▶ _Instructions to follow_
The lines below from the one with "Illuminate your space" up to and including the one with "- Batik Bay" are what you should set down, exactly and without pictures.

(Items from a dataset)

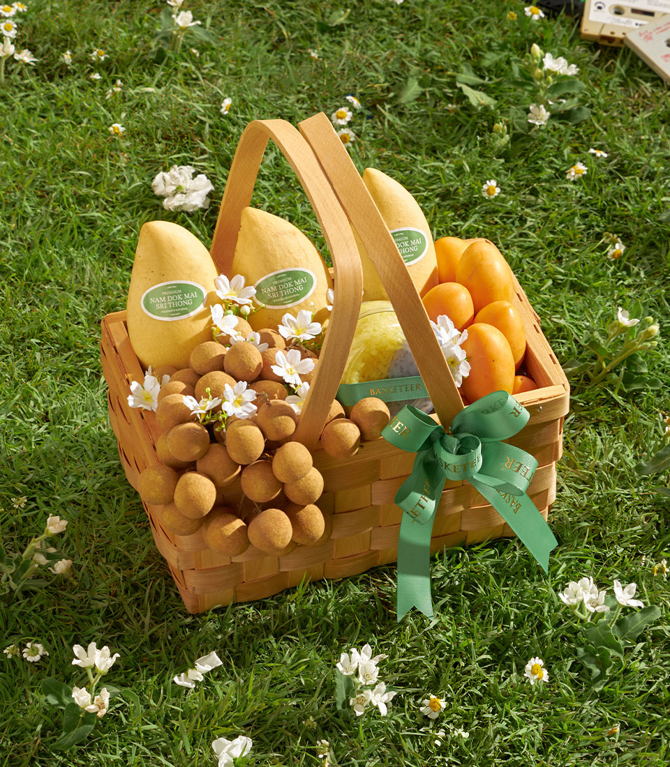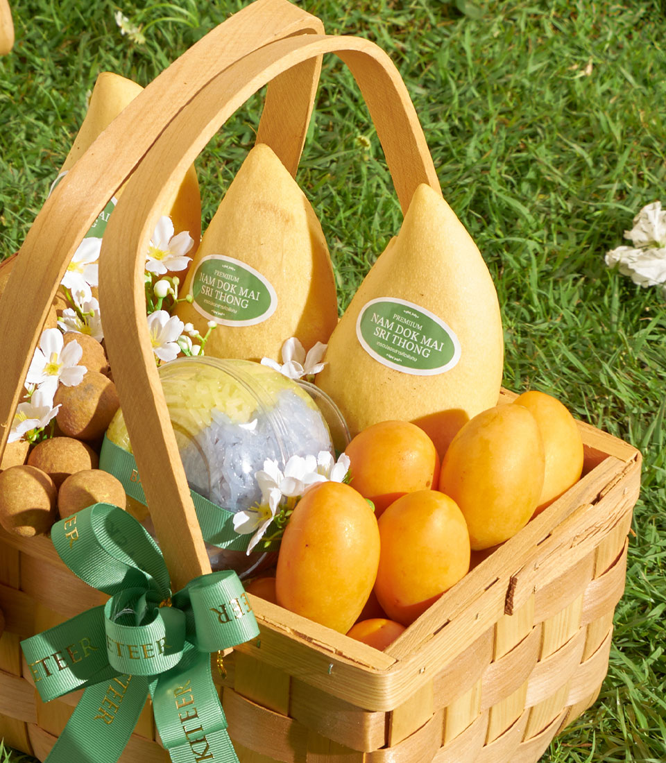 Premium Thai Summer Fruit Basket – Mango, Mayongchid & Longan Harmony A rich and wholesome Thai summer fruit basket featuring a naturally sweet harmony of golden mangoes, premium mayongchids and fresh longans. Paired with traditional rainbow herb sticky rice, this thoughtfully arranged basket delivers a comforting, nourishing and satisfying experience—perfect for sending warm, heartfelt and seasonal gifts.
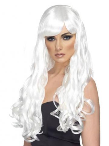 Long White wavy wig with fringe.
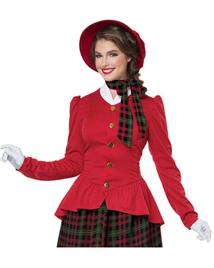 Bring out your festive side this silly season with our Holiday Caroler Womens Costume. Straight out of victorian era England our costume is inspired by the Christmas Carolers of old. Featuring a red peplum jacket with gold-like buttons down the front a long tartan patterned skirt with an elastic waistband and a black capelet with a red satin lining and a hook and loop fastener at the front. The costume comes complete with a pair of wrist cuffs, a wide-brim foam bonnet with chin ties, and a white furry muff!
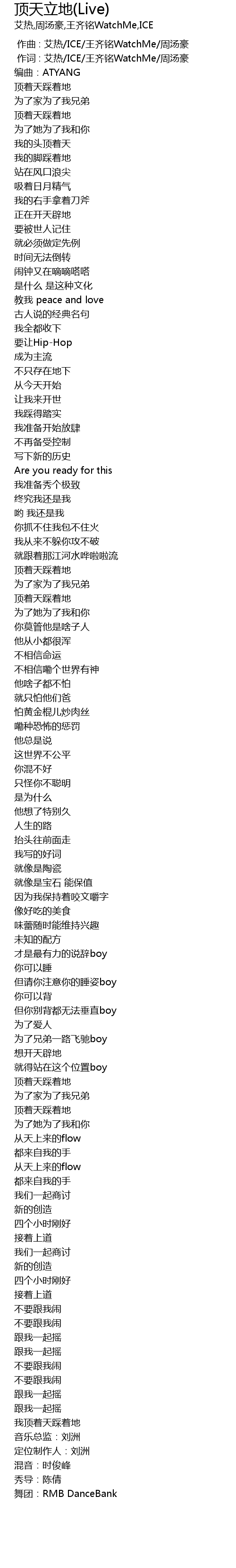| [00:16.91] | dǐng zhe tiān cǎi zháo dì |
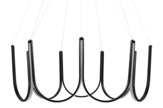 Illuminate your space with the Lagom Chandelier, a ceiling light fixture that emits a warm white light in a downward direction. Crafted from silicone and aluminum, this chandelier showcases curved arms in a scalloped design with an LED strip running beneath to accentuate the frame's lines. Suspended by discreet wires, it creates a weightless and sophisticated look. Its minimalist aesthetic adds a striking touch to any setting, whether placed above a dining table or as a centerpiece in a living space. The Lagom Chandelier seamlessly combines functionality and visual appeal, making it an excellent choice for those seeking a contemporary and elegant lighting solution.
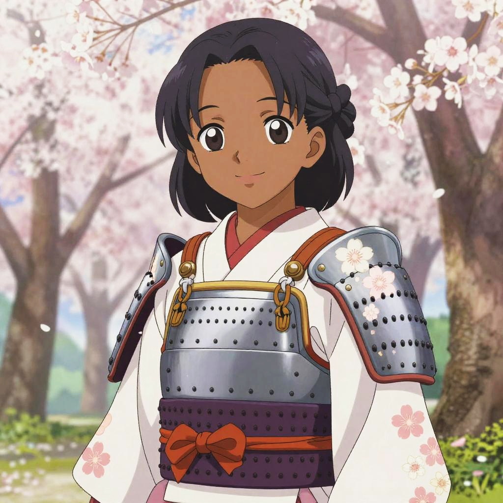 Pretty black girl anime protagonist in a serene cherry blossom garden, wearing traditional yet modernized samurai armor with delicate floral designs, gentle smile, expressive eyes full of kindness and strength, pastel colors and soft shading.
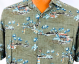 - Batik Bay Aloha Hawaiian Shirt L Green Palm Trees Tiki Hut Sailboats Island
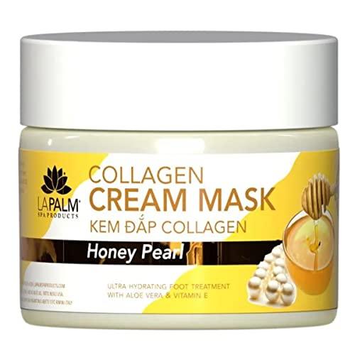 Collagen Cream Mask Honey Pearl 12 oz Ultra Hydrating Foot Treatment with Aloe Vera and Vitamin E Anti-Aging Treatment Formulated to condition and hydrate skin throughout the day. The exclusive blend of essential minerals helps regenerate and revitalize skin texture and appearance. Directions: Apply thin layer over clean feet and legs and rub in until fully absorbed. Do not rinse. Repeat as needed weekly. Apply massage oil or foot lotion after this step.

▶ _Written answer_
 Illuminate your space with the Lagom Chandelier, a ceiling light fixture that emits a warm white light in a downward direction. Crafted from silicone and aluminum, this chandelier showcases curved arms in a scalloped design with an LED strip running beneath to accentuate the frame's lines. Suspended by discreet wires, it creates a weightless and sophisticated look. Its minimalist aesthetic adds a striking touch to any setting, whether placed above a dining table or as a centerpiece in a living space. The Lagom Chandelier seamlessly combines functionality and visual appeal, making it an excellent choice for those seeking a contemporary and elegant lighting solution.
 Pretty black girl anime protagonist in a serene cherry blossom garden, wearing traditional yet modernized samurai armor with delicate floral designs, gentle smile, expressive eyes full of kindness and strength, pastel colors and soft shading.
 - Batik Bay Aloha Hawaiian Shirt L Green Palm Trees Tiki Hut Sailboats Island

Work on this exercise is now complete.